3D hierarchical ZnOHF nanostructures: synthesis, characterization and photocatalytic properties

Abstract

3D hierarchical ZnOHF nanoflowers with mean diameter of 200 nm have been synthesized via a simple template-free hydrothermal route by using (NH₄)₂SiF₆ as the fluoride source. The crystalline phase and morphologies of the as-prepared products have been characterized by XRD, SEM and TEM. The XRD results show that the products are well-crystallized orthorhombic phase of ZnOHF. The SEM and TEM results indicate that the ZnOHF nanoflowers are assembled by numerous nanoflakes with mean thickness of 20 nm. Some factors influencing the morphologies of the ZnOHF nanostructures have been systematically investigated, such as the reaction time, temperature and fluoride source. A growth mechanism is proposed on the basis of a series of time-dependent morphological evolution results. The hierarchical ZnOHF nanoflowers exhibit a high specific surface area up to 97.1919 m² g⁻¹ with a pore size of 50.098 nm.
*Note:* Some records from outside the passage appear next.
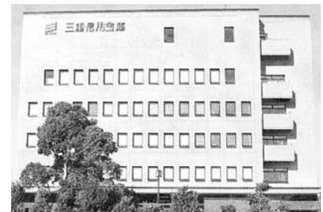
三重信用金庫本店 (松阪市)
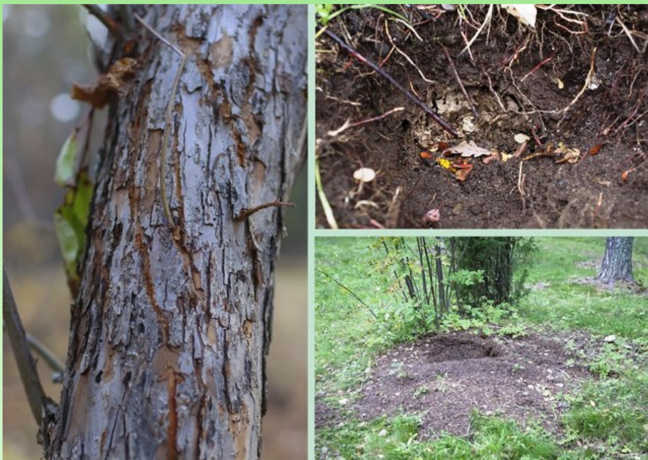
Рис. 6. Следы от когтей медведя на яблоне, разрушенное осинное гнездо и муравейник.

При высокой технике прививки с годами граница между подвоем и привоем стирается. Яблоня культивируется в Карелии со времен появления первых монастырей (Садоводство и огородничество..., 1870; Железнов, 1873) и к началу XXI века стала одной из популярных садовых культур. На территории Ботанического сада они посажены в разных отделах арборетума. К сожалению, информация о многих из них отсутствует, ежегодно сокращается количество экземпляров, что связано, в первую очередь, с осенними приходами в сад медведей, которые питаются яблоками и заламывают стволы. На стволах можно увидеть следы от медвежьих когтей (рис. 6).
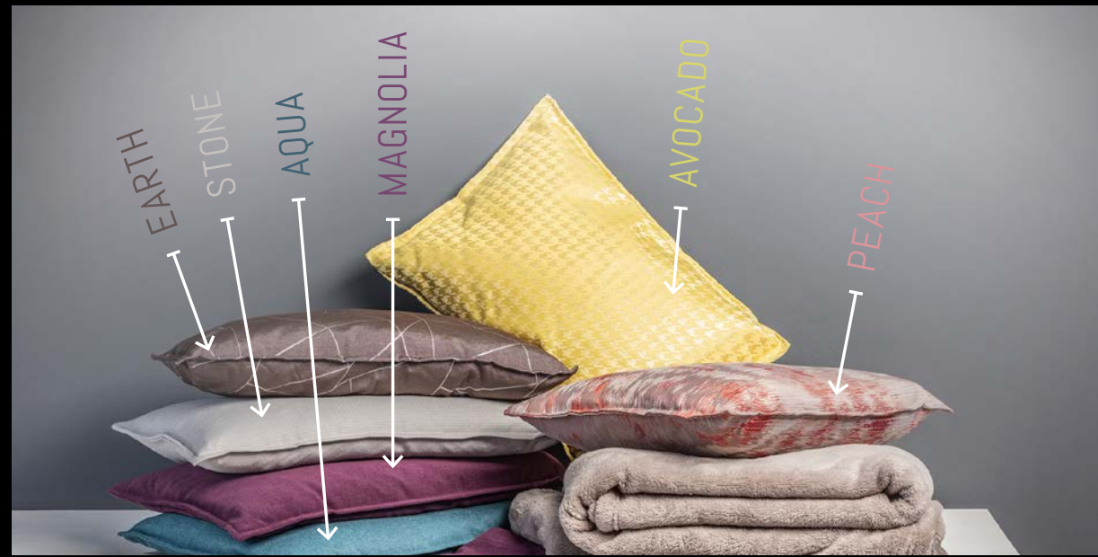
DAS DEKO-PAKET BEINHÄLTET VIER KISSEN, ZWEI KUSCHELDECKEN UND EINE TISCHDECKE. DU KANNST ZWISCHEN 6 FARBEN WÄHLEN. THE "DECO" PACKAGE CONTAINS FOUR CUSHIONS, A SOFT AND CUDDLY BLANKET AND A TABLE CLOTH. YOU CAN SELECT FROM A RANGE OF SIX COLOURS.

The as-obtained ZnOHF can be transformed into ZnO nanoflowers by calcination in air at 600 °C. The photocatalytic properties of ZnOHF have been studied by the decomposition of methyl orange (MO) under UV light irradiation. The results indicate that the flower-like ZnO nanostructures are chemically stable, and the efficiency remained almost the same after five times recycling.